Incidentally, MASM (the Microsoft Assembler) doesn't need a distinction at the syntax level, since it can tell whether the operand is a symbolic constant, or a label. Other assemblers for x86 actively avoid such guesses, since they can be confusing to readers, e.g: TASM in IDEAL mode (it warns on memory references not in brackets), nasm, fasm.
PAL-11 used # for the Immediate addressing mode, where the operand followed the instruction.
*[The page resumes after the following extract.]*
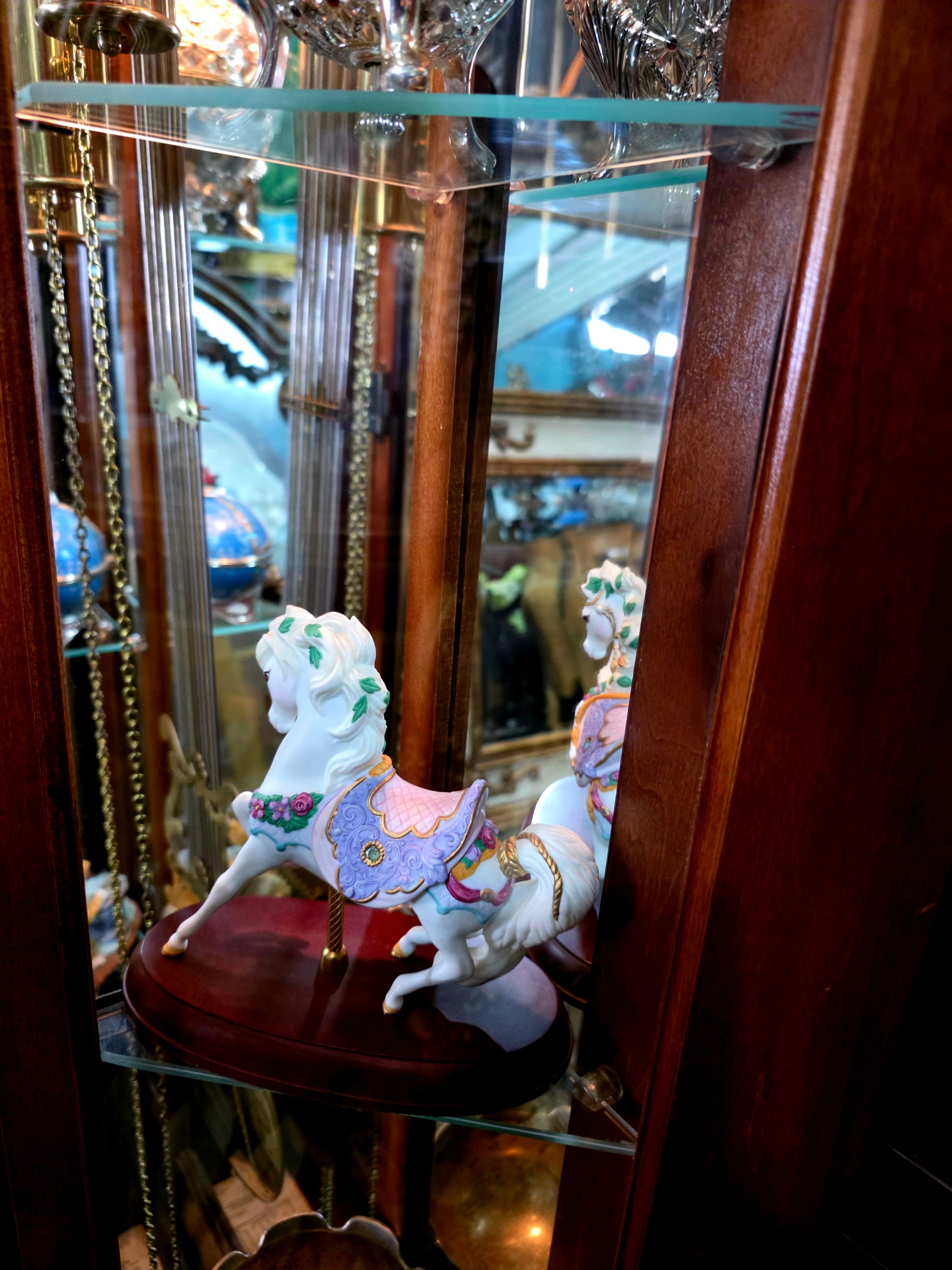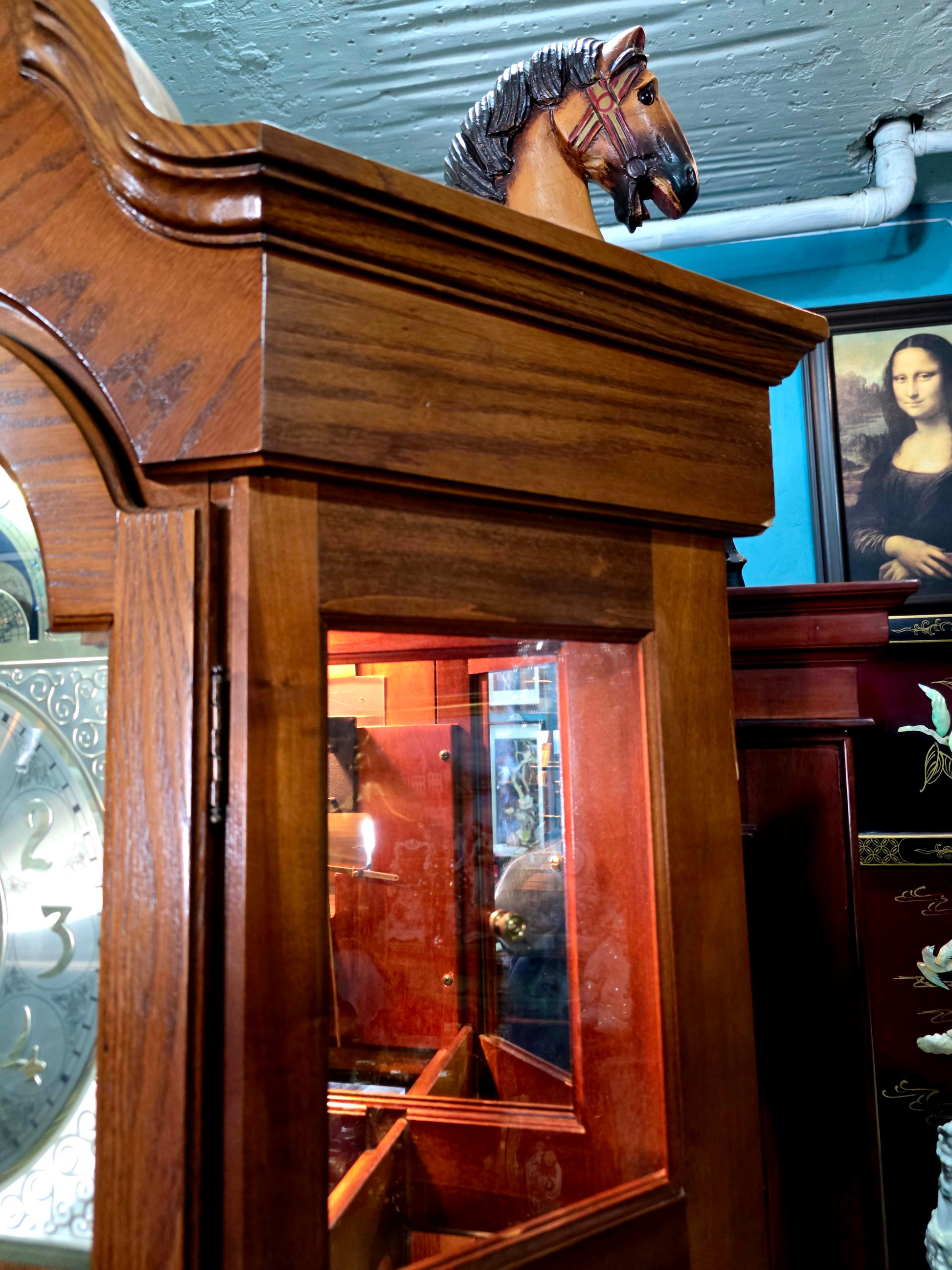 Carátula metálica: El rostro del reloj, en tono plateado, presenta números romanos elegantemente distribuidos, con agujas estilizadas y detalles ornamentales que evocan la relojería tradicional. Sobre la carátula, un arco decorativo coronado por una cabeza de caballo tallada añade carácter y simbolismo ecuestre.

A constant without # meant Relative addressing mode, where a relative address followed the instruction.
Unix as used the same syntax for addressing modes as DEC assemblers, with * instead of @, and $ instead of #, since @ and # were apparently inconvenient to type 2.
Why do all registers have a '%'?
In PAL-11, registers were defined as R0=%0, R1=%1, ... with R6 also referred to as SP, and R7 also referred to as PC. The DEC MACRO-11 macro-assembler allowed referring to registers as %x, where x could be an arbitrary expression, e.g. %3+1 referred to %4.
Is this just another attempt to get me to do a lot of lame typing?
Nope.
Also, am I the only one that finds: 16(%esp) really counterintuitive compared to [esp+16]?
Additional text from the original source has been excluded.